----- Task material -----

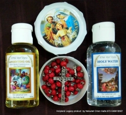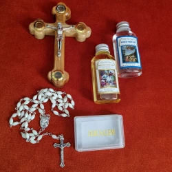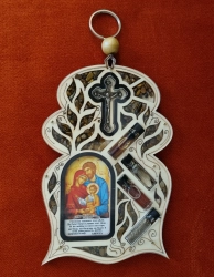 ברכת בית ברומנית מריה הקדושה ,צלב מעץ עם מים קדושים ושמן משיחה
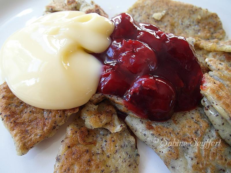 Ca. 800 gr Mehl, 5-6 Eier, 800ml Milch (alternativ kann man auch Sojamilch oder Wasser verwenden), 1 Vanillezucker, 1-2 Tropfen Bittermandel Aroma, 150-200 gr. Zucker, Fett für die Pfanne, 100 gr gemahlener Mohn, 500 gr Kirschen (in meinem Fall waren es tiefgefrorene), 500 gr Vanillepudding
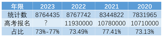 统计人数只是报名人数的73%,剩下的27%还包含了对口招生、高职单招(中职生的高职高考)、复读等人数。
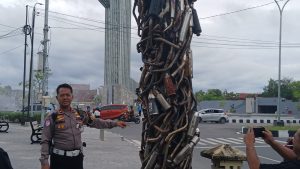 Palangka Raya – Inovatif dan penuh makna, jajaran Satuan Lalu Lintas (Satlantas) Polresta Palangka Raya menyulap ratusan knalpot brong hasil sitaan menjadi sebuah monumen unik yang kini berdiri megah di depan Pos Polisi Lalu Lintas Bundaran Besar Jalan Yos Sudarso, Kota Palangka Raya.
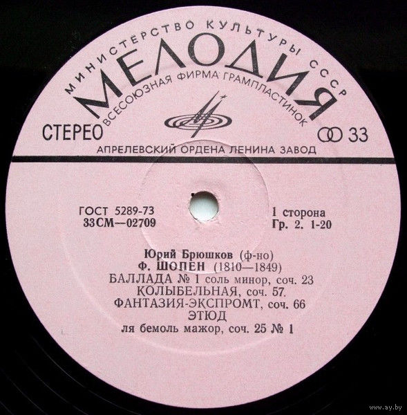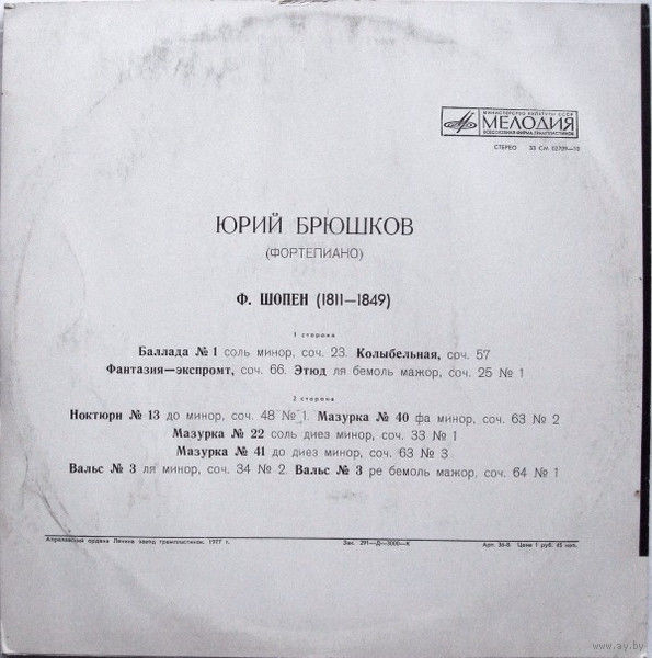 Юрий Брюшков - /Ф. Шопен/ – Фортепианная Музыка - 1977,Vinyl,LP,made in USSR.
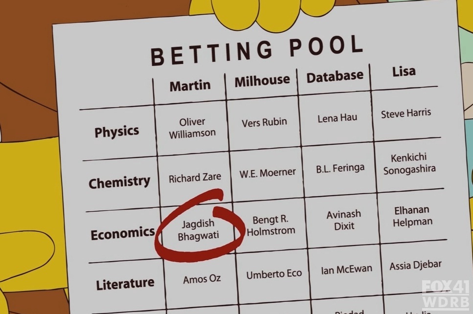 Betting on the Nobel 2010年10月9日 原文 Here. A few of my Harvard colleagues are supposedly in the running. Thanks to Tyler Cowen for the pointer. Also, by the way, here is a shot from a recent episode of The Simpsons, sent in by a reader: 所在分类:Uncategorized
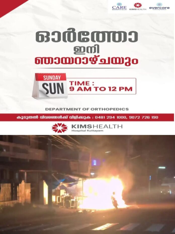 കടയില് ഉണ്ടായിരുന്ന ആളുകള് ഇറങ്ങി ഓടിയതിനാല് വലിയ അപകടം ഒഴിവായി. തീപിടുത്തത്തില് രണ്ട് ബൈക്കുകള് കത്തി നശിച്ചു.
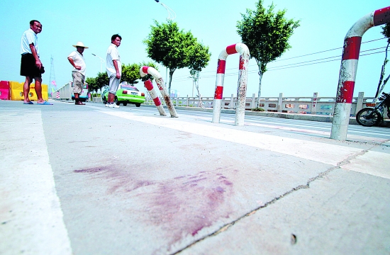 8月27日上午9时许,记者闻讯来到市区江滨体育公园了解案发经过。市公安局刑侦支队、丰泽公安分局刑侦大队及泉秀派出所的经办民警正在现场调查取证,并将当晚值班的保安带回丰泽刑侦大队做笔录。案发现场已看不到什么痕迹了,不过记者在公园门口江滨路上的斑马线中央一排护栏下找到一大片残留的血迹,上面有浮土和清扫的痕迹,在阳光的照射下,仿佛告诉人们这里曾经发生过一场惨剧。
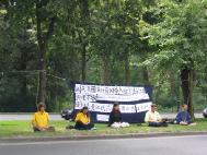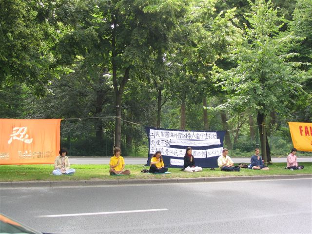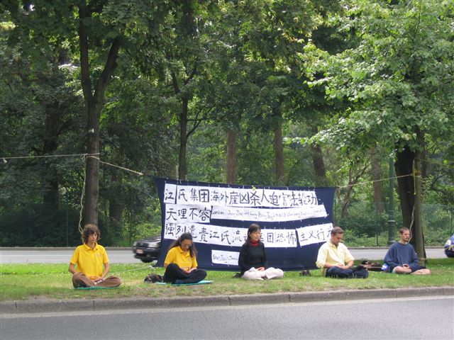 【明慧网2004年7月2日】在得知6月28日晚,江氏集团在南非雇用枪手企图杀害前去支持对到访的人权恶棍曾庆红和薄熙来起诉的法轮功学员后,比利时法轮功学员立即行动起来,30日上午,来到布鲁塞尔的中国领事馆前,强烈谴责江氏流氓集团的这种恐怖主义行为。前来中领馆办事的人,尤其绝大多数中国人惊闻这一事件后,纷纷接受我们带去的资料。
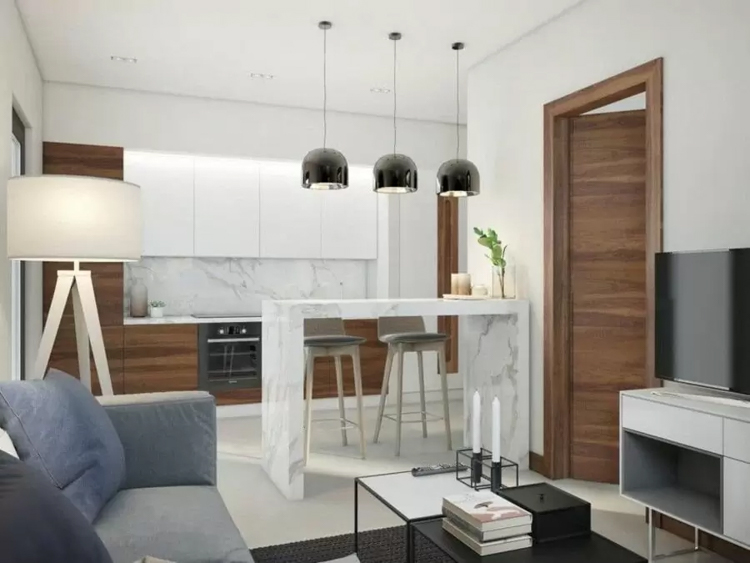 Một số mẫu thiết kế phòng khách liền bếp nhà ống nhỏ:
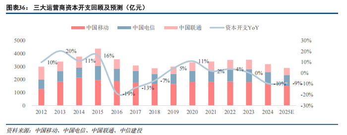 运营商资本开支现下降拐点,有利于现金流改善。2024年三大电信运营商实际资本开支均低于计划值:中国移动年初计划资本开支1730亿元,实际1640亿元;中国电信年初计划资本开支960亿元,实际935亿元;中国联通年初计划资本开支650亿元,实际614亿元。2025年,中国移动计划资本开支1512亿元,同比下降7.8%;中国电信计划资本开支836亿元,同比下降10.6%;中国联通计划投资550亿元,同比下降10.4%。我们认为,6G商用预计在2030年前后,AI投资总体规模可控,预计运营商资本开支未来几年可能持续下降。
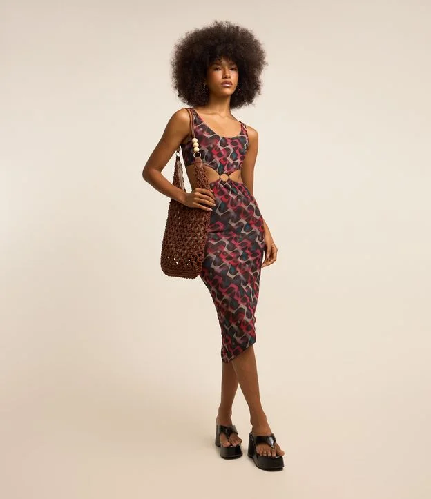 Vestido curto com alça larga, justinho com argola e recorte vazado na cintura com estampa abstrata.
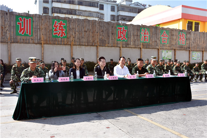 最后,學校魯植校長和從深圳遠道而來的畢業(yè)生(丁同學)爸爸分別作了講話。魯校長講到:“在這個舉國歡慶的日子里,我校以軍訓(xùn)匯演的方式向祖國70華誕獻禮我感到非常高興。世界并不太平,作為中國的一個子民,身在這樣的國度,我們都是幸福的。今天看到孩子們的表現(xiàn),我更是欣慰!希望你們明白來這里學習的目的,珍惜這里的時光,在花季的年齡好好學習,再接再厲。除陰霾,揚正氣,將來為祖國發(fā)展添磚加瓦、增光添彩!
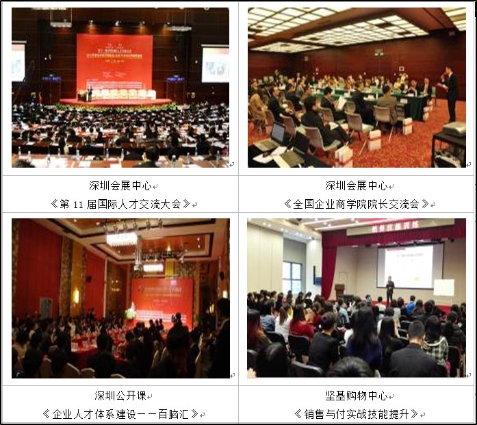 曾策劃執(zhí)行《第11屆國際人才交流大會——第2屆中國企業(yè)商學(xué)院院長年度論s壇暨頒獎盛典》、《中國企業(yè)商學(xué)院院長首腦會》、《總裁高峰論壇》、《中國培訓(xùn)行業(yè)同一首歌》等,并多次擔(dān)任大型論壇分享嘉賓。
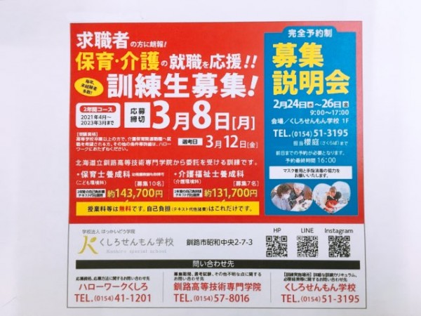 0154513195 くしろせんもん学校 担当 櫻庭(さくらば)

-----

__How to complete this task__
Using the entries above, transcribe exactly from the line that has "Юрий Брюшков - /Ф." through the line that has "Vestido curto com". Pictures are dropped.

__Expected output__
 Юрий Брюшков - /Ф. Шопен/ – Фортепианная Музыка - 1977,Vinyl,LP,made in USSR.
 Betting on the Nobel 2010年10月9日 原文 Here. A few of my Harvard colleagues are supposedly in the running. Thanks to Tyler Cowen for the pointer. Also, by the way, here is a shot from a recent episode of The Simpsons, sent in by a reader: 所在分类:Uncategorized
 കടയില് ഉണ്ടായിരുന്ന ആളുകള് ഇറങ്ങി ഓടിയതിനാല് വലിയ അപകടം ഒഴിവായി. തീപിടുത്തത്തില് രണ്ട് ബൈക്കുകള് കത്തി നശിച്ചു.
 8月27日上午9时许,记者闻讯来到市区江滨体育公园了解案发经过。市公安局刑侦支队、丰泽公安分局刑侦大队及泉秀派出所的经办民警正在现场调查取证,并将当晚值班的保安带回丰泽刑侦大队做笔录。案发现场已看不到什么痕迹了,不过记者在公园门口江滨路上的斑马线中央一排护栏下找到一大片残留的血迹,上面有浮土和清扫的痕迹,在阳光的照射下,仿佛告诉人们这里曾经发生过一场惨剧。
 【明慧网2004年7月2日】在得知6月28日晚,江氏集团在南非雇用枪手企图杀害前去支持对到访的人权恶棍曾庆红和薄熙来起诉的法轮功学员后,比利时法轮功学员立即行动起来,30日上午,来到布鲁塞尔的中国领事馆前,强烈谴责江氏流氓集团的这种恐怖主义行为。前来中领馆办事的人,尤其绝大多数中国人惊闻这一事件后,纷纷接受我们带去的资料。
 Một số mẫu thiết kế phòng khách liền bếp nhà ống nhỏ:
 运营商资本开支现下降拐点,有利于现金流改善。2024年三大电信运营商实际资本开支均低于计划值:中国移动年初计划资本开支1730亿元,实际1640亿元;中国电信年初计划资本开支960亿元,实际935亿元;中国联通年初计划资本开支650亿元,实际614亿元。2025年,中国移动计划资本开支1512亿元,同比下降7.8%;中国电信计划资本开支836亿元,同比下降10.6%;中国联通计划投资550亿元,同比下降10.4%。我们认为,6G商用预计在2030年前后,AI投资总体规模可控,预计运营商资本开支未来几年可能持续下降。
 Vestido curto com alça larga, justinho com argola e recorte vazado na cintura com estampa abstrata.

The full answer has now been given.